Первый пример – сочинения, приписываемые Гиппократу, врачу пятого столетия. Гиппократ, или его ученики, оставили нам клинические описания конкретных болезней, не уступающие нынешним. Он не только вышел за пределы колдовского или знахарского подхода к болезни, но не придерживался и грубых догматических теорий, предписывавших, например, всегда делать кровопускание при лихорадке или всегда давать какое-то лекарство. Он попросту прямо излагает факты, позволяющие узнать в следующий раз ту же болезнь, не смешивая ее с другими болезнями, представляющими похожие, но все же иные симптомы.

И это совсем не просто. Гиппократ знал, что он очень мало знает о болезнях, но это немногое он хотел знать тщательно и систематично. Он полагал, что природа стремится восстановить у пациента то равновесие, которое называется здоровьем. Он скептически относился к лекарствам, особенно к таким лекарствам, которые связывались с общими теориями о здоровье и болезни. Отсюда следовало его великое правило врача: «не вреди»; успокой пациента, и предоставь природе ее целительное дело. Некоторые из его современников считали его слишком бессердечным, заинтересованным скорее в исследовании болезни, чем в ее исцелении, но Гиппократ до сих пор вызывает восхищение как истинный создатель медицинской науки. И даже в наши дни врачи повторяют знаменитую формулу своей профессиональной этики, «клятву Гиппократа», хотя и составленную, по-видимому, впоследствии.

Второй пример – историк Фукидид, не уступающий в научном изложении истории ни одному автору. Подобно Гиппократу, у которого он, может быть, этому научился, Фукидид пишет нечто вроде истории болезни. Он пытается показать, чт? в действительности происходило во время великой Пелопонесской войны между Афинами и Спартой, когда человеческие страсти достигли почти патологической ярости. У него нет общих теорий, объясняющих историю, и он не надеется исцелить бедствие войны. Он не сторонник Афин и не сторонник Спарты, хотя сам занимал раньше командную должность в афинской армии. Его не интересуют в истории ни анекдоты, ни сплетни, ни романтические эпизоды.
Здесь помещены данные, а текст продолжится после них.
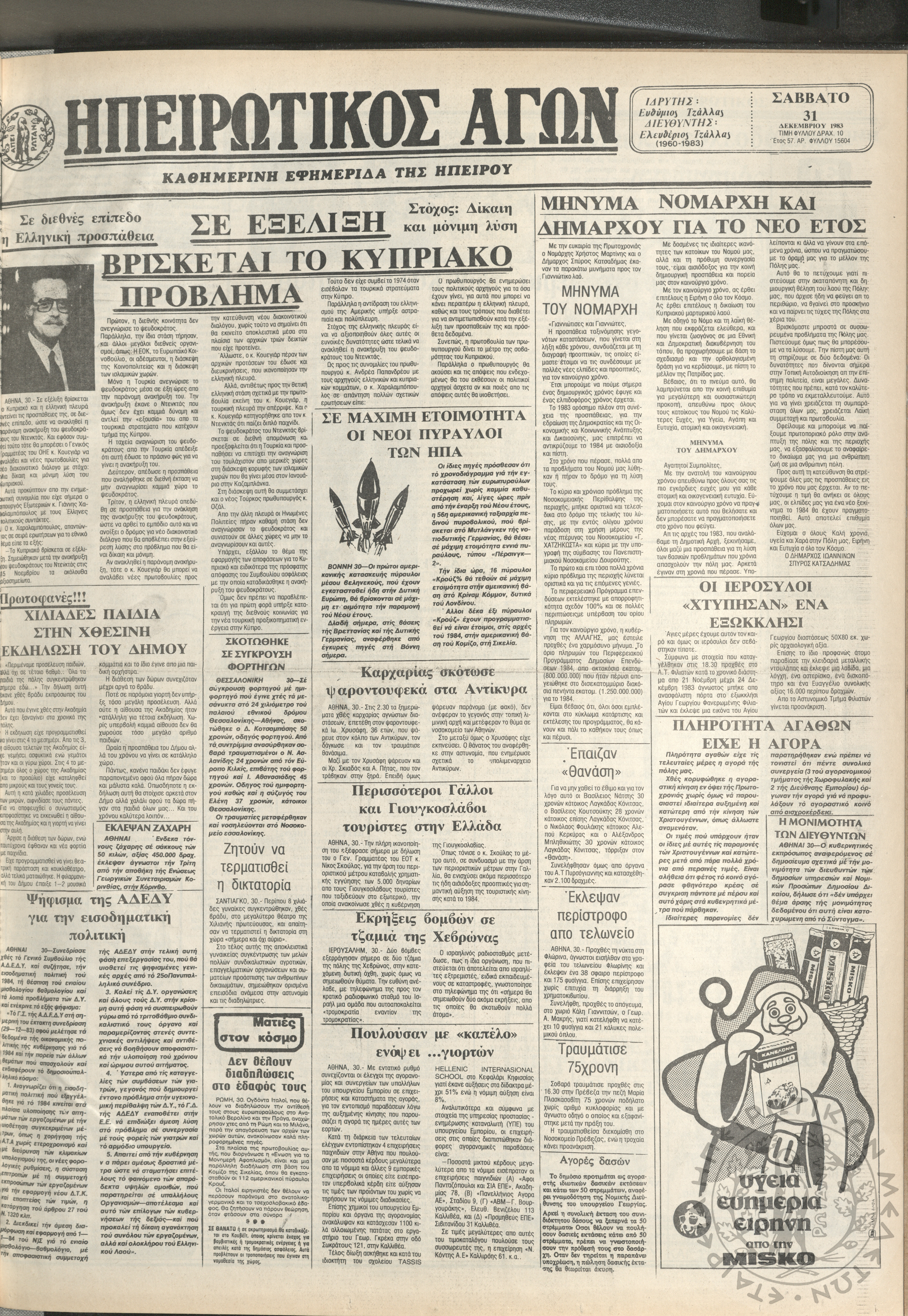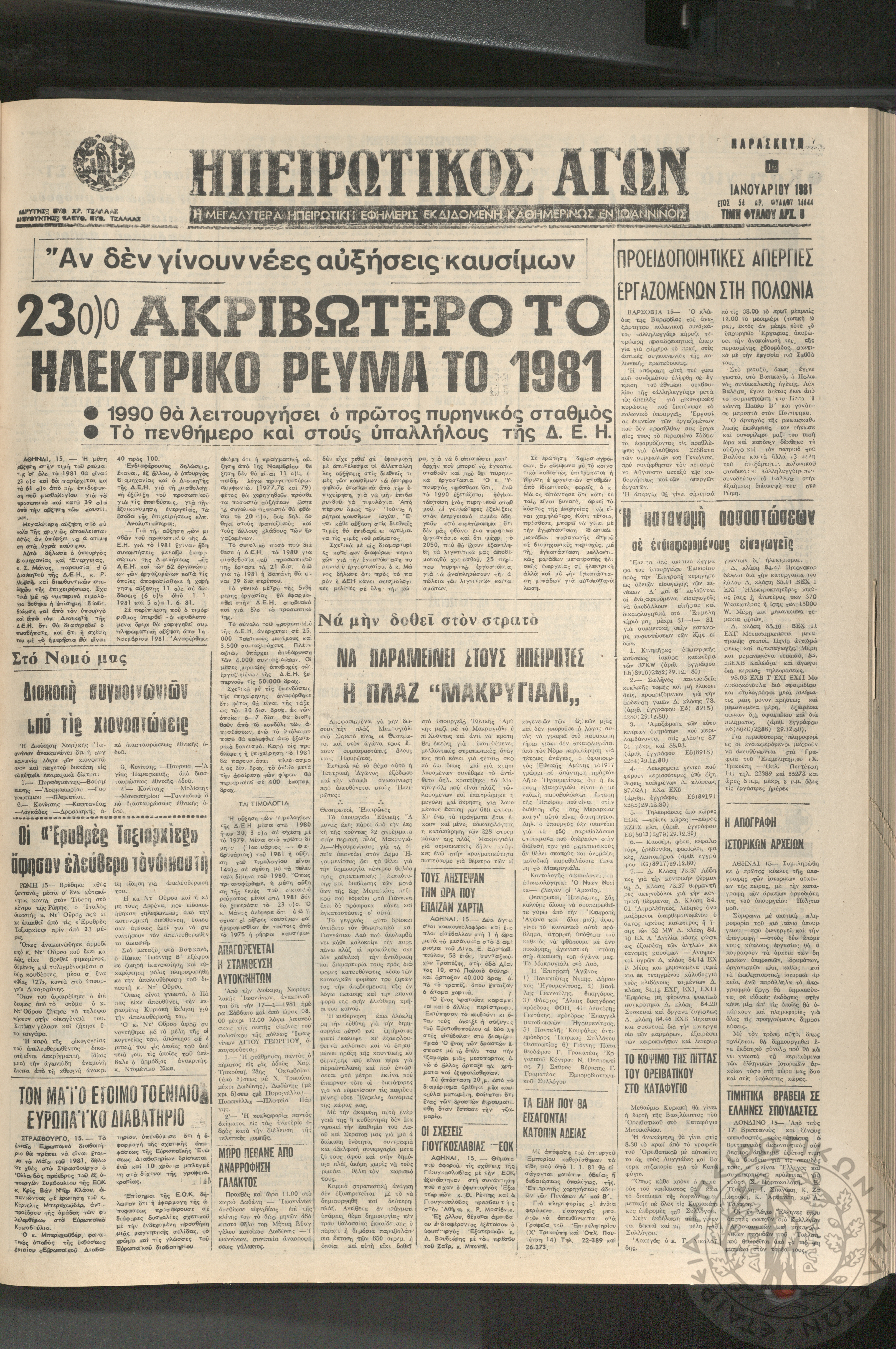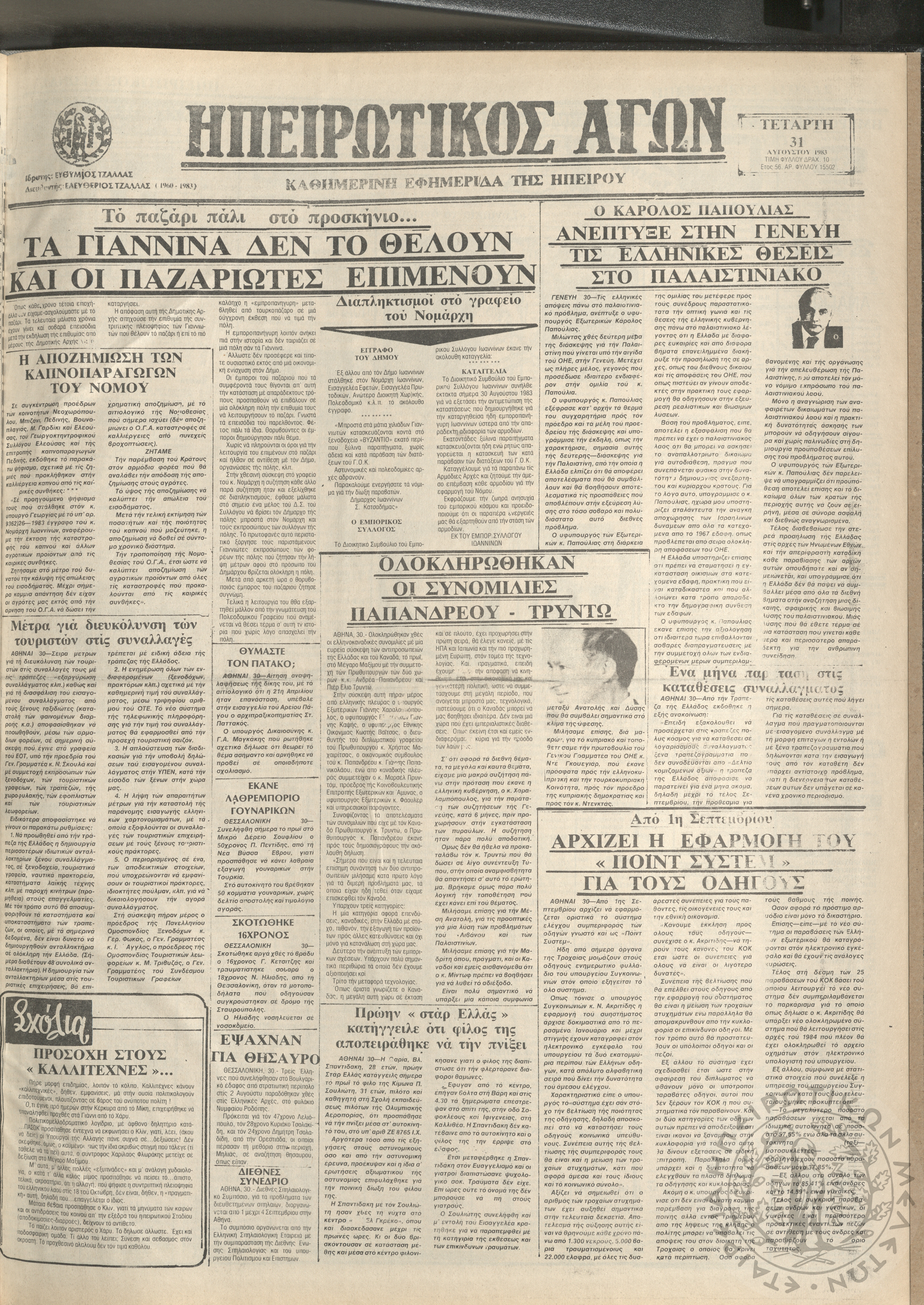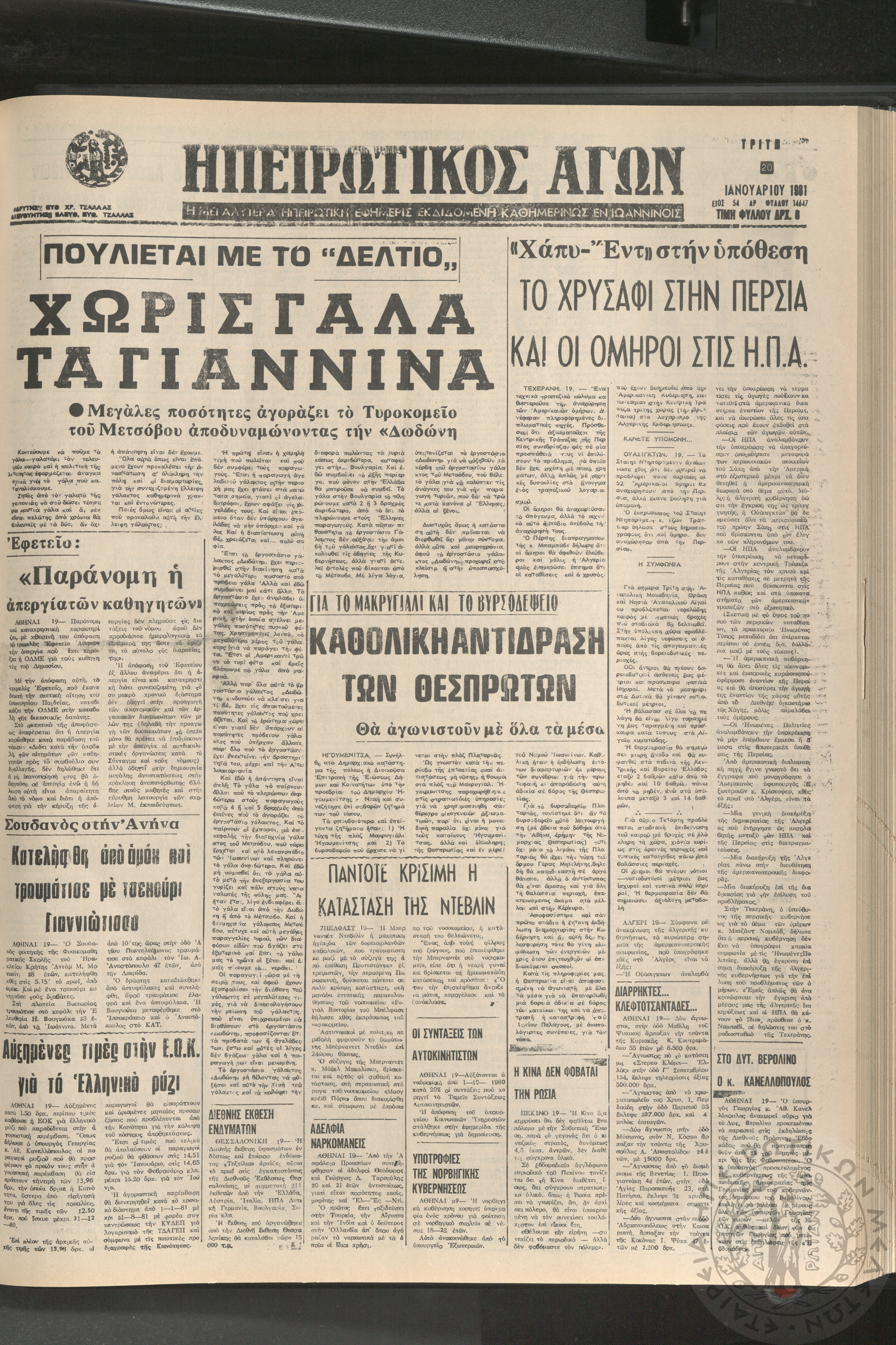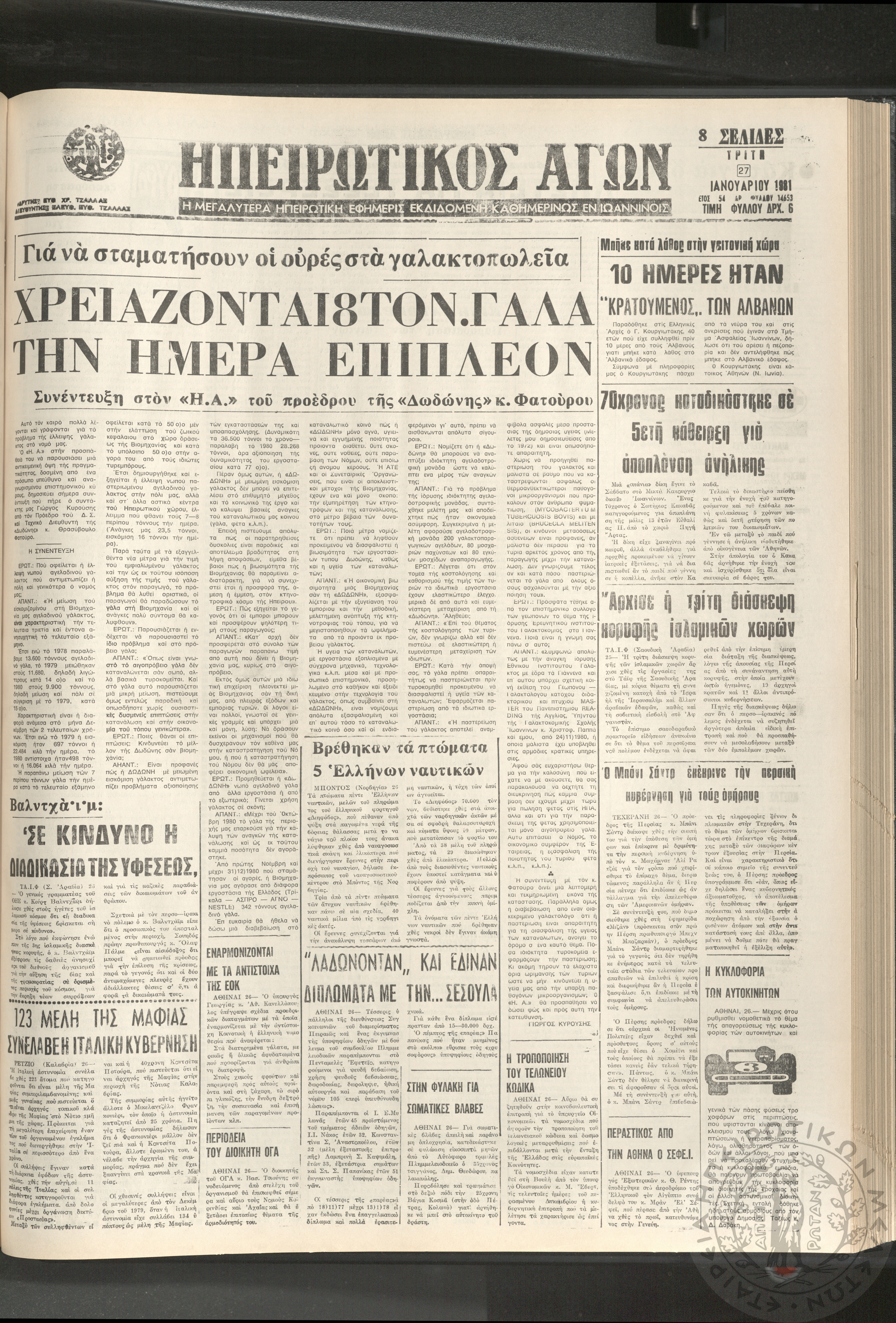 Ηπειρωτικός Αγών: η μεγαλυτέρα Ηπειρωτική εφημερίς εκδιδόμενη καθημερινώς εν Ιωαννίνοις, 1980, φ. 14331Έτος 53, φ. 14331...

У него есть, конечно, представления о правильном и неправильном, если угодно – предубеждения. В общественной жизни он явно предпочитает порядок, спокойствие и приличия – мятежу, острой конкуренции, неопределенности, жестокости и насилию. Но он не проповедник. Он наблюдает и тщательно описывает драматическую борьбу между людьми, сохраняя отчет о ней для будущих поколений, чтобы потомки проявили большую мудрость в своих человеческих делах.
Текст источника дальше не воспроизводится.